Wednesday, April 15, 2026

Wild Turkey Numbers Falling

  


        Dennis Whiteside is a float-fishing guide who travels down a dozen or more streams across the Ozarks of Missouri each year, through all seasons.  He also is someone very knowledgeable about wild turkeys and he reports on what he sees through a survey that he turns in regularly to the state’s Department of Conservation.

         “I’ve done it for about 15 years, “he says, “I turn in the results on the form they gave me and I wonder why I do it. They have never responded in any way. This past spring and summer was the lowest number of turkeys I have ever seen while floating rivers with dozens of clients. Ten to fifteen years ago I would see lots of turkeys and hear lots of gobblers as we floated,” he told me. “Last spring I saw one hen with three poults, and heard only a few gobblers.”

         Dennis also counts numbers of turkeys on hunting trips and during spring drives through the Ozarks. We talked about how years back you would see eight or ten strutting gobblers and hens in March and April back in the reaches of green fields along timber edges. You could drive Ozark back roads and count a hundred turkeys in a dozen fields or less. He agrees with me that now such a sight is seldom seen… the turkeys are mostly gone from those places.

         I follow turkey populations in the Ozarks too, in five different counties. But I count them in December and January when turkeys group together in flocks assembled in winter gatherings close to where I live. They gather in a few places from adjacent lands of three hundred acres or more. One place they gather is along the lower Pomme de Terre River bottom above Truman Lake. About 20 years or so ago that river bottom field of thirty or forty acres had more turkeys in it than I could count, easily seventy to eighty birds. Last year there were between fifteen to twenty turkeys coming to the field each evening to feed, flying from the deep woods across the hills beyond the river. The decline in their numbers was little by little over the years, but numbers never as low as what I counted last spring. If those numbers I have seen in years past are compared to what I saw last winter, many areas have only about 20 percent of the flocks we had 15 to 20 years ago. 

         The Department of Conservation doesn’t have any idea what we have when it come to wild turkeys. I interviewed the director, Jason Sumner, a couple of months ago and he sat there and told me that there was an increase in turkey numbers this past year. To have the director of the Department say such a thing is ridiculous.

         He is not going to ever be out there counting flocks like Dennis and I do. He and the turkey biologist, Nick Oakley, echo the same refrain… that the alarming drop in wild turkey numbers is due to habitat loss and predators. As for the predators…the number of bobcats, hawks, owls and raccoons have remained constant and high for these past 10 years.

         And the idea that habitat loss is a factor is easily proved to be false. The five thousand acres around me is exactly the same as it was 10 years ago. National forestland is much the same as it has always been in terms of good or bad turkey habitat. But numbers of turkeys on my neighboring land are getting scarce! I once heard eleven gobblers about 12 years back within a square mile of my home. You might hear one or two now on an April morning, but they grow silent in May, easy for hunters to find, call and kill.

         Ten years ago on my place I was feeding seven long-bearded gobblers behind my home. Now there are none! The last single gobbler to feed there was three years ago. None since! I quit hunting several years ago because there are too many of us out killing turkeys in the spring and fall.

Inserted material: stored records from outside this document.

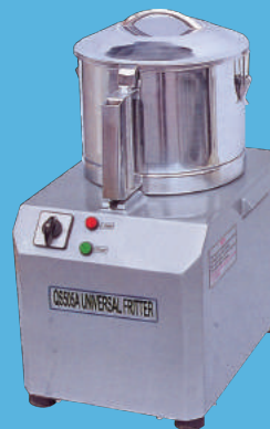
CODE: CT/202 1 BLADE VEGETABLE SLICER 5LTS STAINLESS STEEL

Model: QS503A Power: 0.65KW Voltage: 220V Capacity: 13 Lts Size: (230x300x480)mm
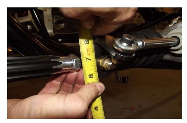
(RS bump steer at rack)

14" tube LS- 17" center to center standard spindle 13" tube LS- 16 3/8" center to center ackerman spindle
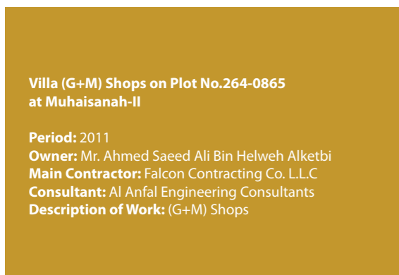
Villa (G+M) Shops on Plot No.264-0865 at Muhaisanah-II
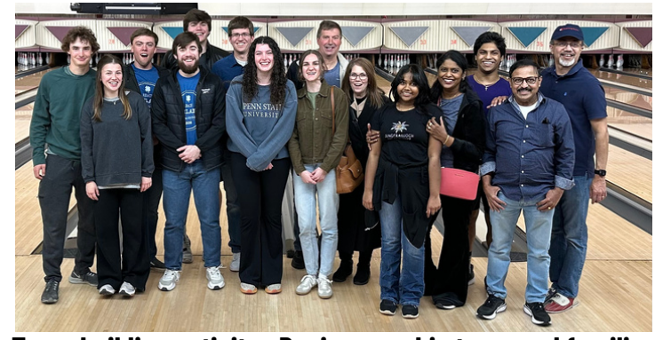
Team building activity. Revive worship team and families
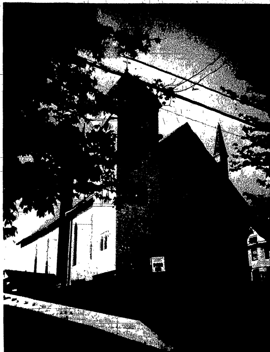
ST. VINCENT DE PAUL CHURCH, CHURCHVILLE ERECTED IN 1885
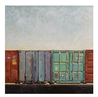
steel storage containers, 2012
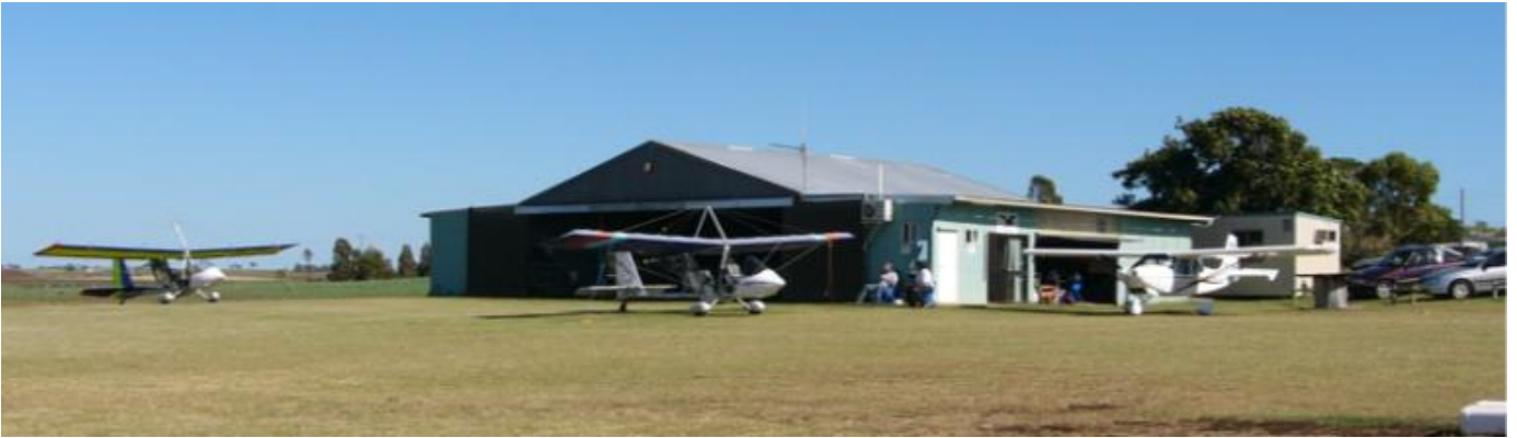
The flying school hangar with Drifters and a Terrier at Bange's Airfield.

         Several southern states have changed season lengths; bag limits have been reduced and regulations altered. Missouri has done nothing and it is making turkey numbers pretty lean. To help the wild turkey in my area I have changed from a gun to a camera and I encourage hunters in the Ozarks to do the same. As for my advice for the Departments of Conservation in any Midwest state… Let the flocks alone in the fall or allow a one-week season only in October. Change youth season to the back end of the regular season. Set the regular season back one week. Shorten it to only two weekends. Allow only one gobbler in the spring for two years along with all of the above, and you’ll see recovery in wild turkey numbers. But the Missouri Department would never option for any of that because it would cause them to lose money through the loss of turkey tags. Their main goal is not wild turkeys, it is the sale of  wild turkey tags!